I have run just over 70 marathons now. I recently retired after working 40 years in pharmacy. In
2020 I was scheduled to run 7 more but only had a chance to complete one in early February. Most of these they have rolled over to 2021 now all six are scheduled for this fall. I had planned them to be spaced out. Will see what the Pandemic brings this fall. I had trained a lot last year putting on over 4000 miles and not running. I ran the Lake Front Marathon course in October as a Virtual Marathon and ran it in 4:21. My training has backed off a great deal over the winter. Too much ice, snow, and sub zero temperatures have kept me indoors. I am not trained as I was last summer for the Virtual Antarctica Marathon. I plan on running slow to get the distance in.
I have run many half marathons (haven’t kept count) and have run 5 ultra marathon races, the longest being 50 miles.
What is your favorite race and why?
I have been asked that many times and my response is I have three favorite races for different reasons. I always list them like this:
*Antarctica, because of the trip and the pristine conditions, excitement, toughness of the course.
*Great Wall, because of running on the wall, the challenge of the continuous stairs of varying depth and height, and the scenery from on the wall.
*Mount Kilimanjaro, because my son and I climbed to the top together for 5 days before the marathon and I was the Second Overall Male Finisher in the 1998 Marathon. And to add to the excitement of finishing second was the Second Overall Female Finisher was Rita Clark from Green Bay Wisconsin and who was on the other ship (Ioffe) in 1997 in Antarctica. Wisconsin was well represented.
What race did you learn the most about yourself?

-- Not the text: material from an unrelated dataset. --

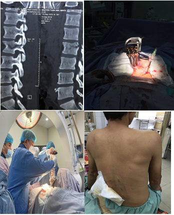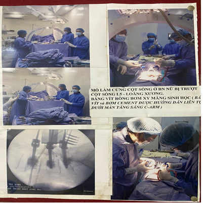 - Năm 2015 phẫu thuật cột sống cổ, phẫu thuật làm cứng cột sống dùng vít rỗng bơm cement cho bệnh nhân loãng xương.

I learned the most from my first marathon. I learned that through determination and diligence I could do almost anything. A marathon is not like running a sprint or even a 5K. It takes a continuous, persistent effort, always looking and moving forward toward the goal. The body and mind can withstand many stresses but you can work through them. I have applied this to life in general and it has led me to a successful and happy life.
What word would your friends use to describe you?
Persistent – I keep showing up. I like streaks, like running the Lakefront Marathon every year since 1989, or participating in the American Pharmaceutical Association Annual Meeting every year since 1979. My current running streak is 441 consecutive days. (During the pandemic that is one thing I can do with a mask).